Let us look at the case from this standpoint. Arguing upon the assumption that when, upon the distribution of a fund accounted for by an administrator as the assets of the estate, such a case is shown, the orphans’ court has the general power of a court of equity to compel payment of the fund to the cestui que trust, or to the true owner, as the case may be,’ the right of the Harmony Society to be awarded the fund in question is reasoned out in this way: The relation between bank and depositor is that of debtor and creditor simply; after February 15, 1871, Michael Staib held the legal title to the chose in action, the debt of the bank, in trust for the Harmony Society ; if the money had been paid to him in his lifetime he would have been compellable to pay it over to the Harmony Society; when the administrator received it, it went into the *456assets of the decedent’s estate, subject to the same trust; therefore, the rule laid down in McBride’s Appeal does not prevent the orphans’ court from awarding it to the equitable owner.

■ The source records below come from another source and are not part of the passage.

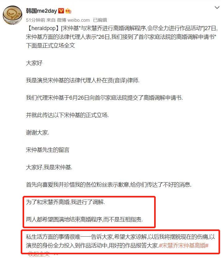 不过,也有网友指出是翻译错误,不是“为了和宋慧乔离婚进行调解”,而是“和宋慧乔离婚的调解正在进行”。
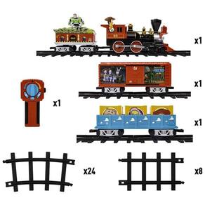 CONJUNTO DE TREM PARA O INFINITO E ALÉM Chamando todos os fãs de Toy Story Junte se a Buzz, Woody e sua turma no trem Toy Story Ready to Play da Pixar Isso é um ótimo presente para crianças e amadores de trem O CONJUNTO INCLUI Locomotiva estilo geral a bateria Buzz Lightyear Pizza Planet concurso com carga alienígena gráficos de cena de filme de vagão altamente detalhados 24 trilhos de plástico curvos e 8 retos Controle remoto CARACTERÍSTICAS DO CONJUNTO DE TREM Locomotiva a bateria com sons de trem autênticos, incluindo apito de sino Anúncios oficiais do filme do xerife Woody Farol de trabalho, acopladores fixos Abertura de portas e vagão Controle remoto amigável Marca: Não Informado
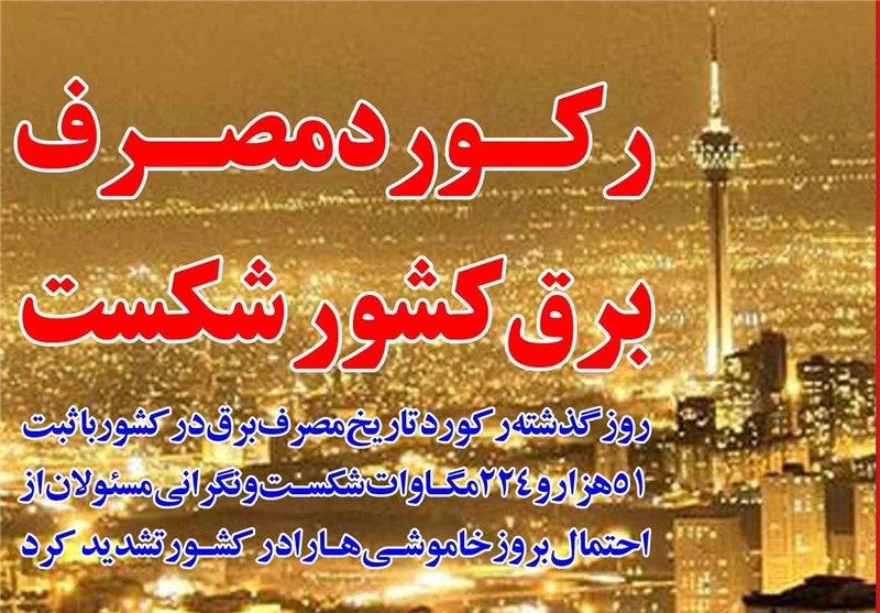 روز گذشته رکورد تاریخ مصرف برق در کشور با ثبت 51 هزار و 224 مگاوات شکست و نگرانی مسئولان از احتمال بروز خاموشی ها را در کشور تشدید کرد
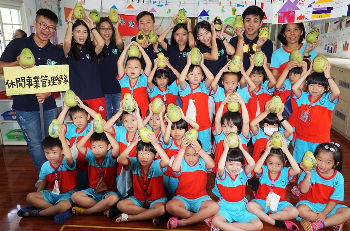 中秋節即將到來,大葉大學休閒系師生今(28)日帶領幼兒園小朋友體驗中秋的樂趣,包括畫柚子、聽故事,幼兒把畫有可愛圖案的柚子帶回家,與家人一起過節。
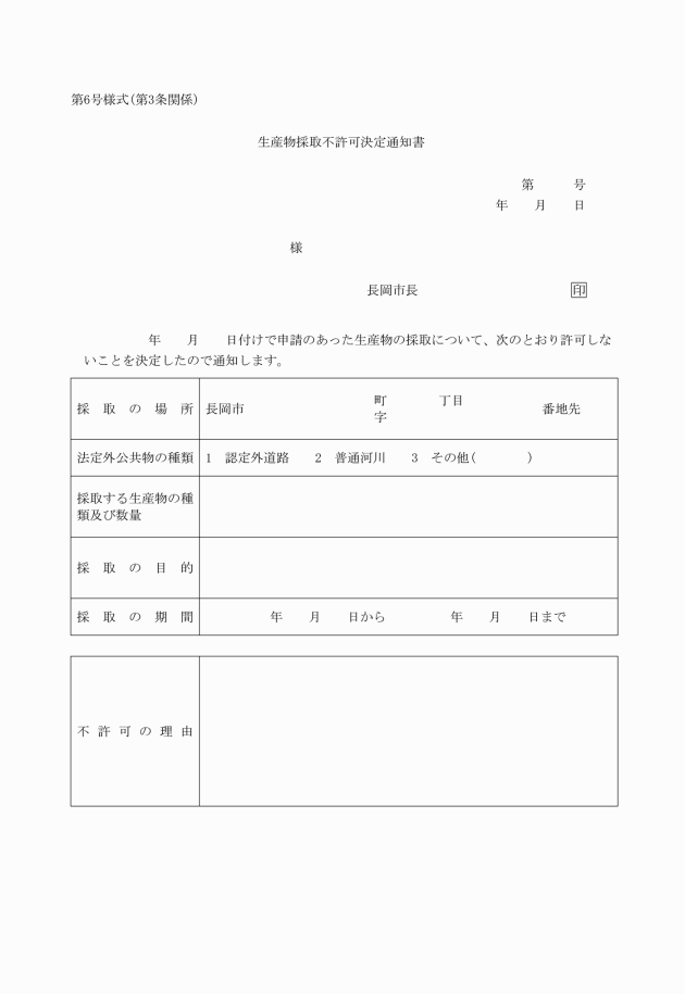 第3条 条例第5条第1項第3号に定める行為(以下この条において「採取」という。)に係る許可を受けようとする者は、生産物採取許可申請書(別記第4号様式)に次に掲げる書類を添えて、市長に提出しなければならない。
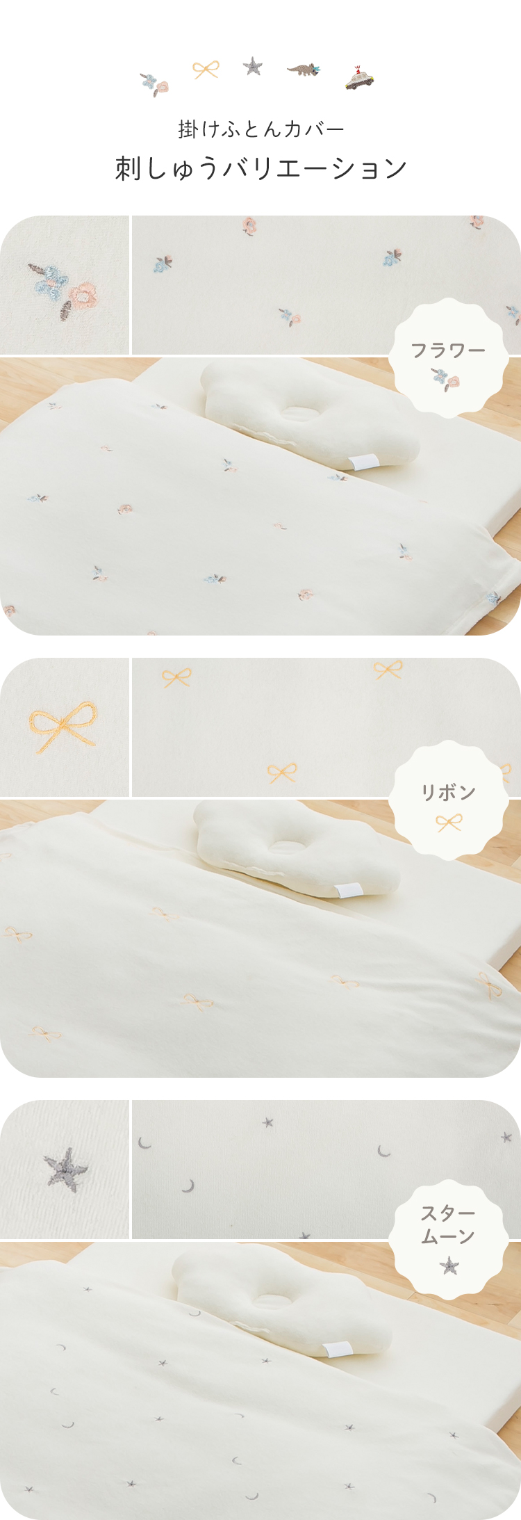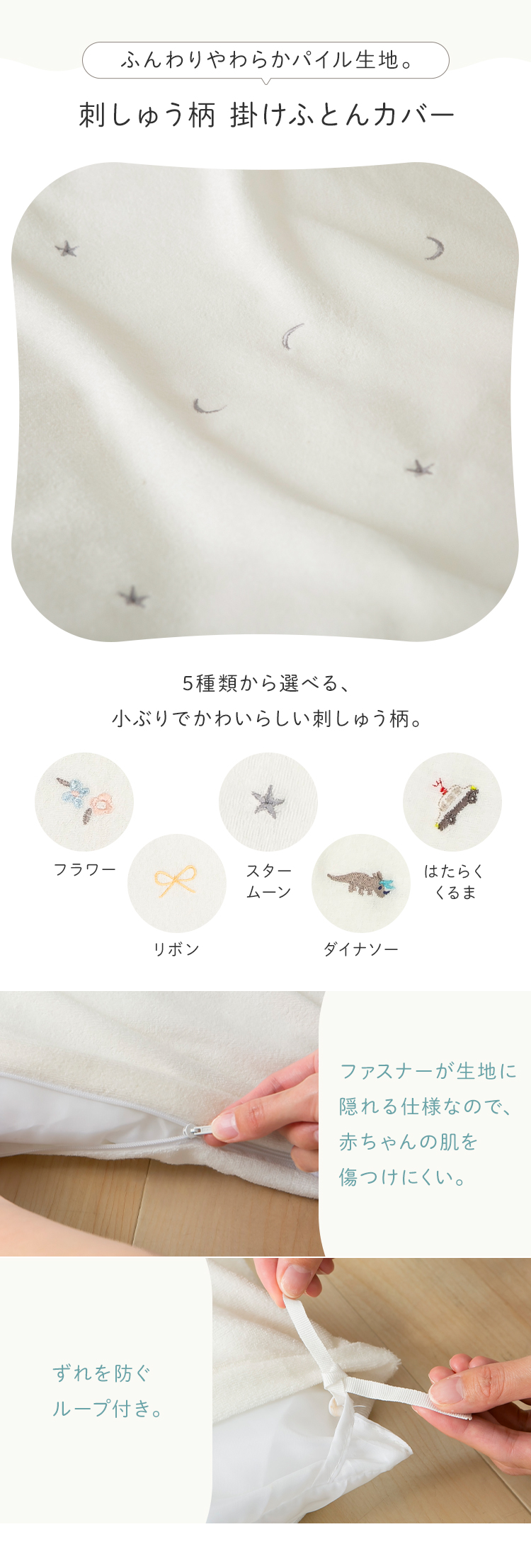 布団カバー、フィットシーツ、枕の生地は綿100%(パイル部分)生地を使用しており、掛けカバーには可愛い刺繍入り。

In this statement of the case the fact that the Harmony Society was a partner in the firm conducting the banking business as the Economy Savings Institution is entirely ignored, whereas we regard it as of the greatest significance, both as related to the question of this being a trust fund, as well as to the question of the right of the association to dispute the title of the estate in this proceeding.

The burden of proof was on the claimant. The presumptive title to a deposit in a bank is in the person in whose name it stands. To overcome this prima facie presumption, the society relied on a general assignment of all his property contained in the articles executed by Michael Staib in 1871, followed by no attempt on the part of the donee to reduce the chose to its exclusive possession. Opposed to this was the evidence that the banking firm annually credited Michael Staib with interest for a dozen years thereafter, and in the account, as finally made up on its own books more than twenty years thereafter, charged itself as debtor to him.

Taking its own books as evidence that the relation of debtor and creditor, and not that of trustee and cestui que trust, existed between them at the death of Michael Staib, does not necessarily involve any impeachment of the assignment contained in the articles of association signed by him. Those articles related to property owned by the member at the time of signing, “ in possession or in remainder, or in reversion or in expectancy; ” they did not bind him to transfer to the society property acquired afterwards. Nor is it clear that the confirmatory articles of 1890 contemplated a gift to the society of property acquired in the mean time. Therefore, it might well be that the provision in the first articles operated as an equitable assignment of the chose in action in question, and yet that by some arrangement, the exact nature of which, owing to the lapse of time and the death of witnesses, it would be impossible to prove by direct testimony, the rights of the society in this particular fund had been surrendered, and the rights of Michael Staib had revested.

*457The proposition that the Harmony Society is not affected by the acts of the Economy Savings Institution because there is no evidence that the former society “ through the proper channels knew that Michael Staib .... had a deposit in the bank,” cann ot be sustained. In the first place, the partners in the bank are presumed, prima facie at least, to have had notice of the deposit, and to be responsible for the manner in which the account was kept. See McClurkan v. Byers, 74 Pa. 405, and Stockdale v. Keyes, 79 Pa. 251. In the second place, one of the trustees of the Harmony Society had express notice of the deposit in 1883, and yet, so far as appears, no attempt was made to withdraw it, or to have it transferred to the credit of the society.

It is true there is no affirmative evidence that Michael Staib asserted ownership of the fund after 1871. But this absence of evidence to that effect is scarcely sufficient to warrant an affirmative finding’that he did not assert it. Moreover, his inaction was not extraordinary. The money was safe, and he did not need it for his present wants ; the fact that he did not draw it out lacks the significance of the positive acts of the Economy Savings Institution, to which we have called attention.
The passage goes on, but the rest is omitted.